Находя несогласованность в представлениях народа о том, когда же душа претерпевает суд — сразу после кончины человека либо «в конце времен», — А. Я. Гуревич объясняет такое противоречие следующим образом: для простых верующих здесь не было проблемы; человек умирает и получает воздаяние по делам своим, а Страшный Суд представляется столь далеким и неопределенным, что он сливается с судом, который вершится по смерти индивида[3793]. Рассматривая «Видение Агнии», к аналогичному выводу приходит и акад. Н. Н. Покровский: в этом произведении частный и всеобщий суды совмещены во времени[3794]. Соответственно в легендах чаще всего сливаются временная и вечная участь людей в загробном мире. И тем не менее вопрос о соотношении частного суда, изображение которого оказалось предпочтительней для фольклорной традиции, и всеобщего суда, постулируемого в первую очередь церковным учением, будоражил человеческое сознание, стимулируя формирование связанных с ним легенд «визионерского» плана. Особенно это характерно для западноевропейских дидактических «примеров» (exempla) XIII в. В одном из подобного рода рассказов, приведенных А. Я. Гуревичем, покойный канцлер Филипп явился с «того света», чтобы в соответствии с договоренностью и данным им обещанием поведать своему другу, епископу, об участи, постигшей его душу.

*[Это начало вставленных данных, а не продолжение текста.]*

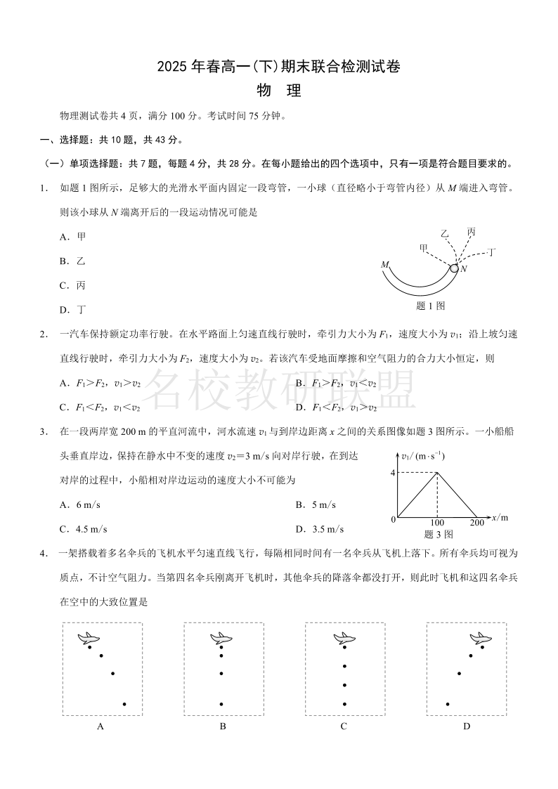 重庆市康德教育2025年春高一(下)期末联合检测 物理试卷(含答案).pdf

Визионер сообщил, что Страшный Суд состоялся в тот самый день, когда он скончался. «Безмерно пораженный этим заявлением, епископ возразил: „Дивлюсь я тому, что ты, человек исключительной образованности, такое полагаешь, ибо предреченный Писанием Судный день еще не наступил“. На что покойник, демонстрируя следы адских мук на своем теле, ответил: „Из всей образованности, коей я обладал, пока был жив, не осталось у меня и единой йоты“»[3795]. Вопрос о соотношении обеих эсхатологических версий в каждой из легенд, как и в «примерах» (exempla), может, как видим, решаться по-разному.

На Страшном Суде Божием

По преданию, изложенному в Лаврентьевской летописи, именно изображение Страшного Суда, выполненное на «запоне» (полотне), явил князю Владимиру греческий проповедник: «И се рек, показа Володимеру запону, на ней же бе написано судище Господне»[3796]. При этом он объяснил, что вступивший в их веру воскреснет по своей кончине и затем уже не умрет вовеки, тогда как принявший другой закон будет на «том свете» гореть в огне. По-видимому, для князя Владимира это был веский довод в пользу принятия христианства — учения, обосновавшего доктрину Страшного Суда.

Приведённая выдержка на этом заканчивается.